Кстати, там же, в конце «книжки», на специальной странице, будет и единственная запись-благодарность «за добросовестное отношение к своим обязанностям и активное участие в общественной жизни» за подписью Качкурина, начальника лагеря.
     Надо признать, что его самого я так и не могу себе представить —он только изредка появлялся на людях во время торжественных линеек. А где он был и чем занимался остальное время — тайна сия мне неизвестна. Да, собственно, во вмешательстве его, как видно, и не было особой необходимости.
Но за благодарность «с занесением» я ему признателен.

     А потом я вернулся в Тбилиси, взял справку из института, прописался, стал на военный учет.
     Первого сентября пошел в институт, познакомился с новыми однокурсниками.
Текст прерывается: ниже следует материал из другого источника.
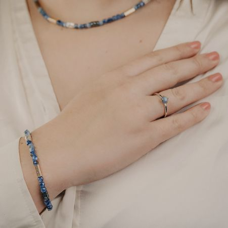 Armband uit de collectie van Jéh Jewels, gemaakt van 925 sterling zilver, geoxideerd zilver, Goldfilled en Kyaniet. Kyaniet is blauw van kleur en "The perfect match" bij al je favoriete spijkerbroeken. Draag haar samen met het bijpassende collier!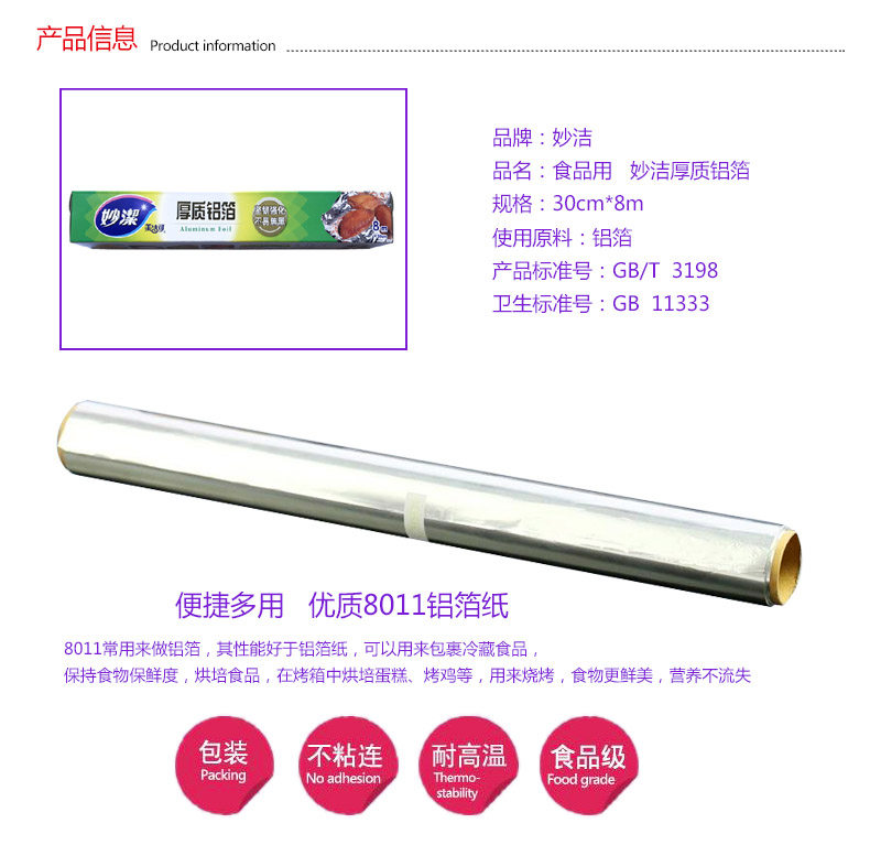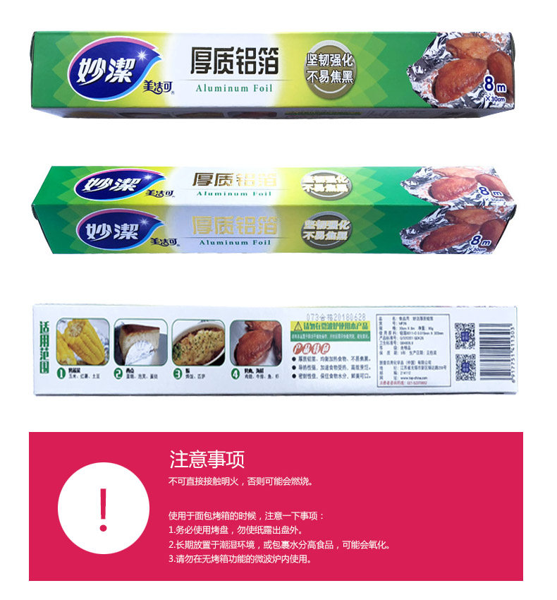 妙洁 MF26 Meijie Толстая алюминиевая фольга барбекю и приготовление теста оловянная фольга 30 см*8 м 3 рулоны 24 м бесплатная доставка

Второго сентября в группу пришла девушка Нина, и начался уже совсем другой период моей сперва студенческой, а потом и нашей с ней семейной жизни.
     Пройдут годы и летом 1976 года, мы, уже вместе с детьми, опять попадем сперва в пансионат, граничащий с «моим» пионерским лагерем, а со следующего года, уже Нина начнет работать там врачом и лагерь станет уже «их» местом, где они проведут четыре летних сезона. И сейчас, через сорок лет, тепло вспоминая те годы, мои, уже взрослые дети, у которых растут уже свои дети, иногда вместе поют лагерный гимн:
Лагерь «Володя Дубинин»
около моря стоит…
      И я им подпеваю, потому что пел его еще в то время, когда сам был пионером (а было это лет 60 тому назад!)